Conhecí umas academias no Rio de Janeiro (Piedade) onde aprendi coisas importantes .   Faltava-me  executar no berimbau,uma nota cuja ausência deixava o ritmo incompleto. Um mestre do subúrbio da Piedade, também policial civil , tirou-me definitivamente essa dúvida atroz. O som que me faltava era simplesmente aquele resultante da simples pressão,sem percussão, da moeda sobre o arame vibrando.  Nos encontramos apenas uma vez,mas foi o suficiente para dar continuidade ao que me faltava como iniciação aos mistérios do grande "Mestre berimbau". A  única lembrança física que  guardei dele,foi a de um estigma facial , pela perda de um dos globos oculares.  Não o vi jogando e nem sei se ainda jogava. Ele ensinou o mestre Russo( O qual também nunca mais tive notícias). Vejam só a importância e o alcance daquilo que ensinamos. Devemos ser auto- críticos em relação ao conteúdo dos nossos ensinamentos,pois nada se apaga, e suas repercussões são as mais variadas.  O que plantamos poderá não ser colhido por nós mesmos, mas o que fecundar ,com certeza, será semelhante àquilo que plantamos...com o joio do lado.

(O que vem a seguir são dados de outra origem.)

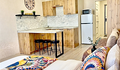 • Двуспальная кровать (160х200) • Раскладной диван ( 160х200) • Оборудованная кухня (холодильник, варочная панель, микроволновая печь, чайник) • Стиральная машина, фен, утюг, гладильная доска, сушилка для одежды • Набор посуды и столовых принадлежностей на 4 персоны • ТВ и Wi-Fi • Мыльные принадлежности, полотенца, средства гигиены.
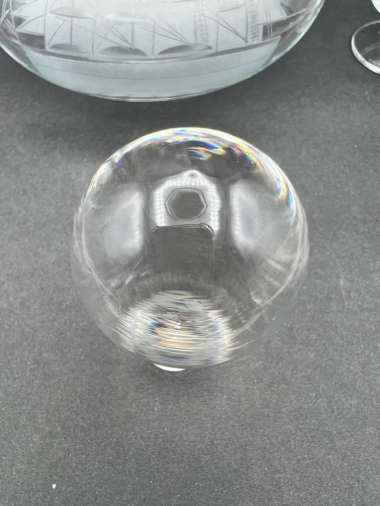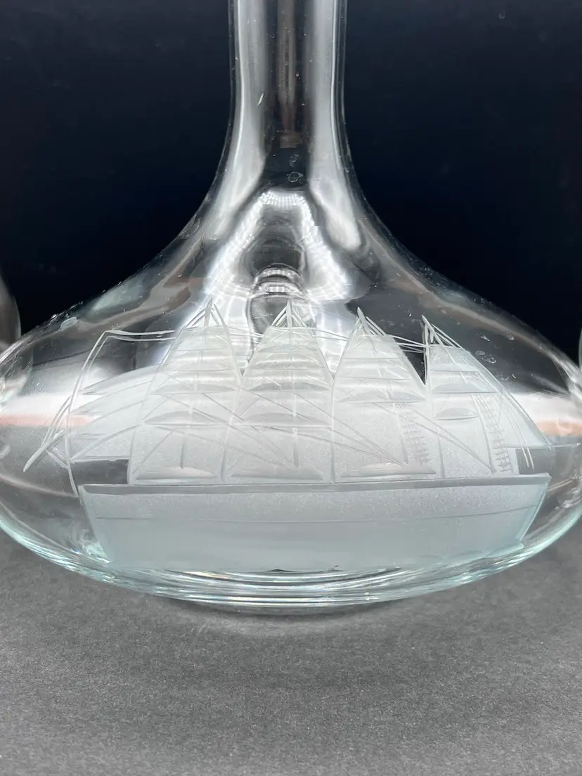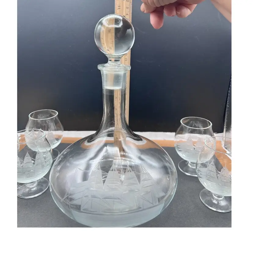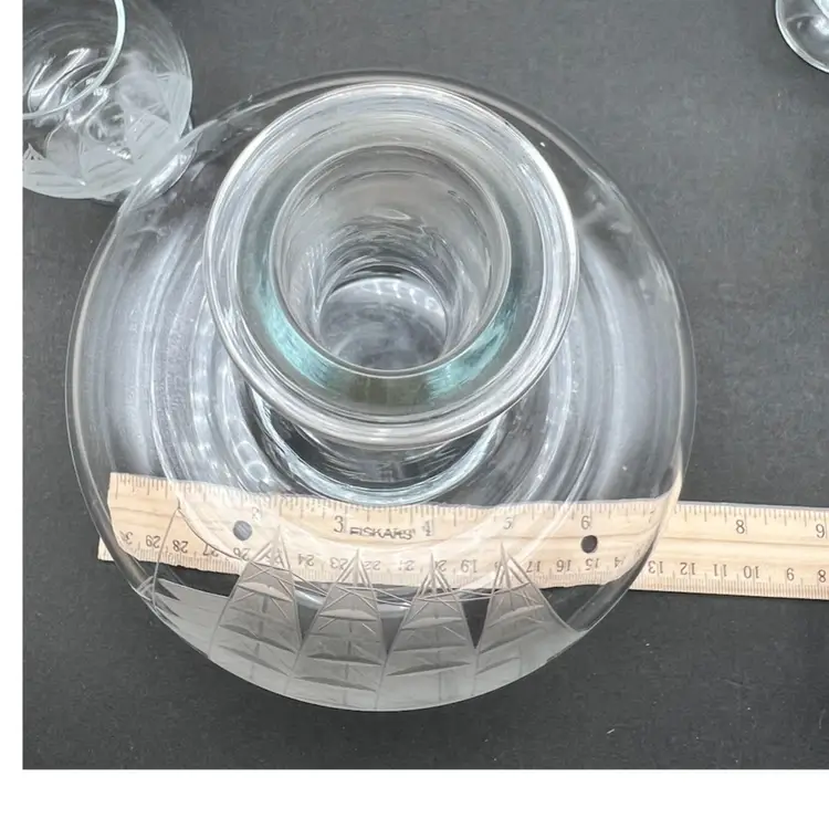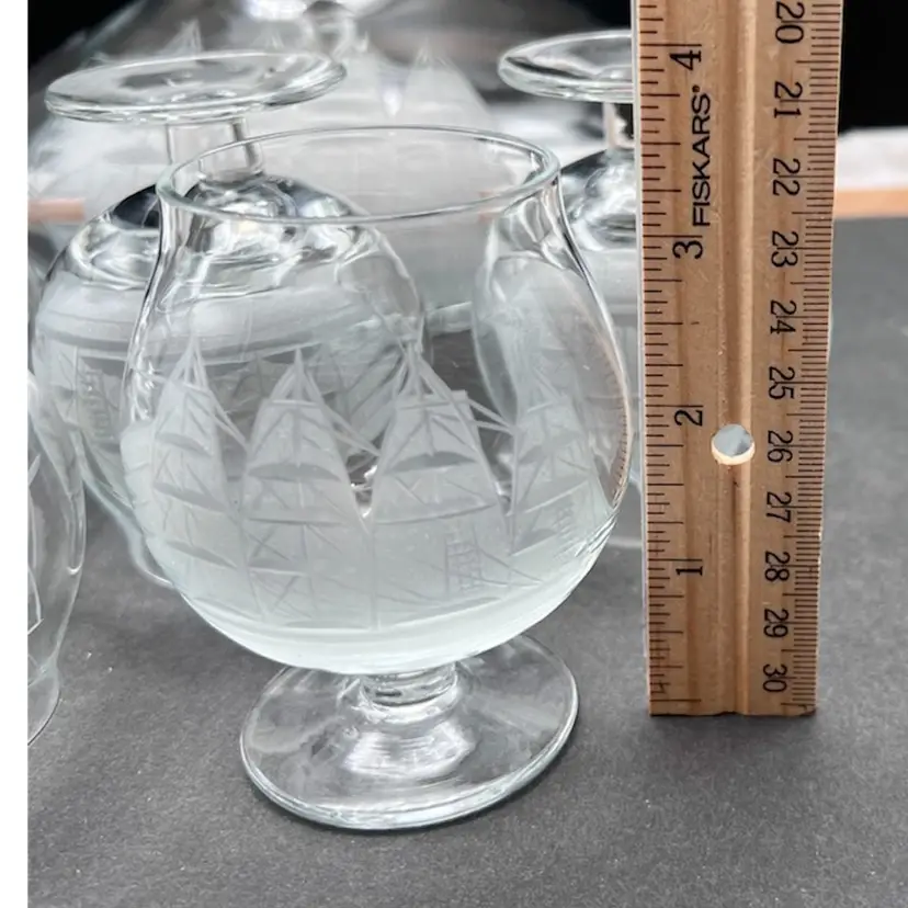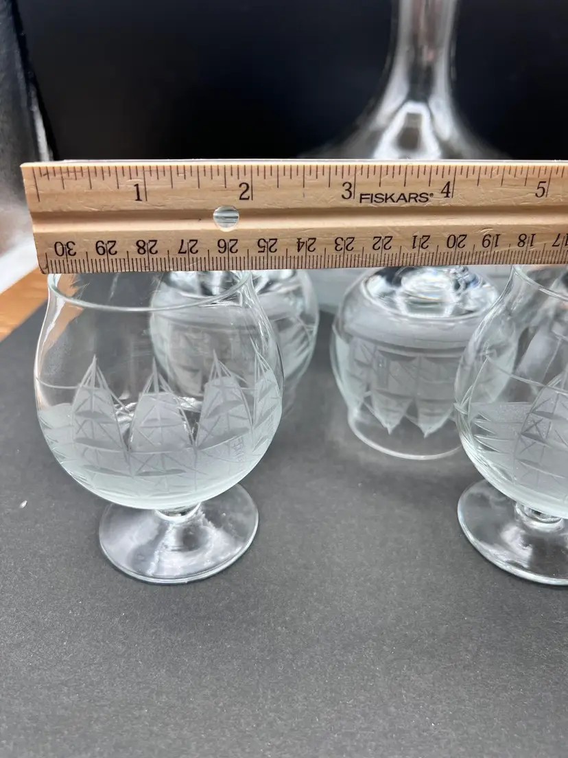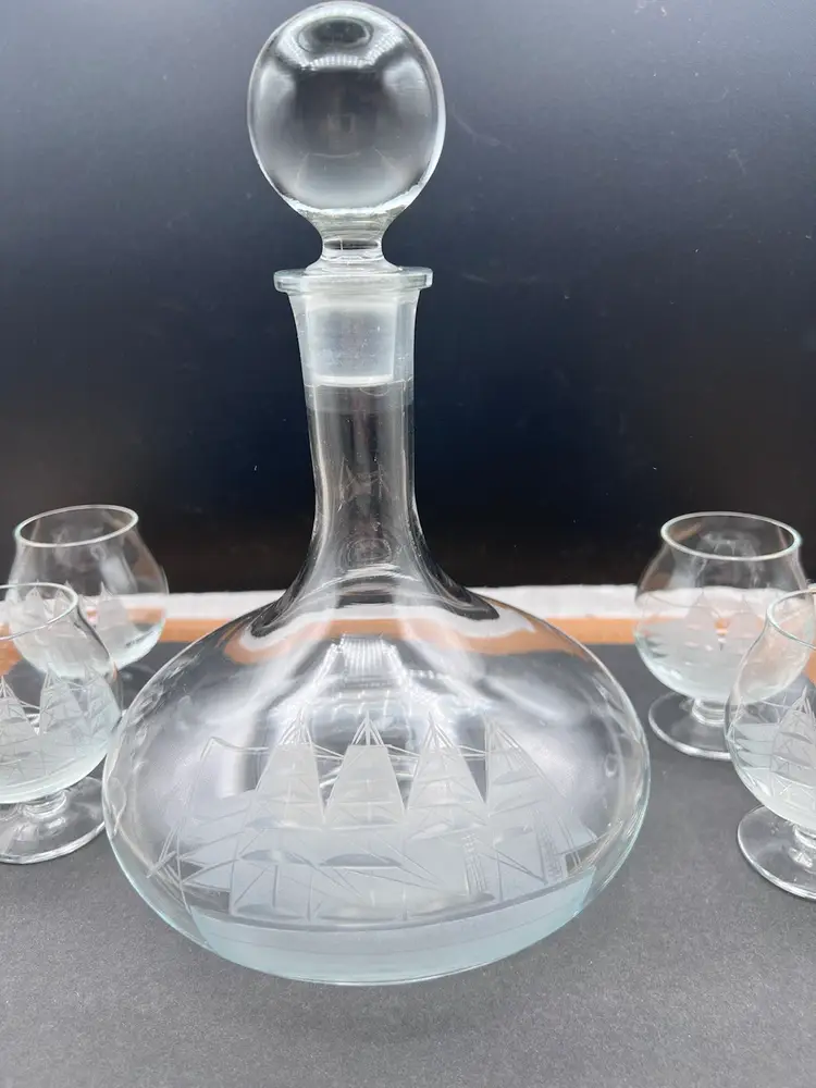 Absolutely Beautiful Set - Vintage Toscany Clipper Ship Etched Blown Glass Liquor Decanter with Stopper and 5 Matching Mini Brandy Snifters/Cordial Glasses In excellent condition - no chips or cracks. Stopper is also in excellent condition Decanter with stopper measures 10 1/2" tall x 6 3/4" wide Each glass measures 3 1/2" tall x 2 1/2" wide with a 2" opening

 Ainda a respeito dessa academia  no Rio de Janeiro ,lembro-me que participei de uma apresentação deles na antiga TV TUPY Canal 6,onde funcionava,outrora,o famoso cassino da Urca. O grupo foi levado pelo mestre Russo,do qual já lhes mencionei a origem.  Ele era um indivíduo alto e muito branco,daí o seu apelido . Seus capoeiristas trajavam uma calça folgada de brim azul,com uma franja branca costurada na boca de cada perna. Na cintura uma corda acetinada com um destaque nas pontas.  Na parte superior usavam uma camisa de cetim sem botões,amarrada na frente por um nó simples . Durante algum tempo adotei este uniforme, sem a camisa. Fiquei muito honrado por terem me convidado a participar desta apresentação na televisão .  Existiam duas figuras inesquecíveis no grupo : - Uma delas,era um indivíduo com um esteriótipo nordestino. Não jogava bonito,mas era mestre em quebrar com a cabeça algumas telhas empilhadas, após saltar sobre elas. Apesar de estarem acolchoadas sob uma lona dobrada,era com certeza, um feito inusitado. Sua façanha,parecia mais com aquelas realizadas por praticantes de artes marciais orientais.

A outra tratava-se de um rapaz,muito forte,originário de um circo. Ele tinha total domínio do corpo. Depois da apresentação na TV ele fez uma bananeira na murada que contornava toda a praia da Urca. Além dessa murada,ficava um precipício ,onde o mar, batia sobre as rochas.  Eu gostava de um desafio,mas quando avaliei a possibilidade de uma queda fatal, desistí de imitá-lo. Ele era fantástico! Nem o vento o incomodava. O que compensou a minha frustração em não ter realizado a bananeira,foi o acréscimo de conhecimentos úteis sobre a capoeira. O rapaz acrobata ,não demonstrava mais eficiência durante o jôgo ,apesar da sua desenvoltura circense. Era mesmo até um tanto desajeitado. Aos poucos eu começava a entender que a capoeira não era somente desenvolvida sobre corpos ágeis.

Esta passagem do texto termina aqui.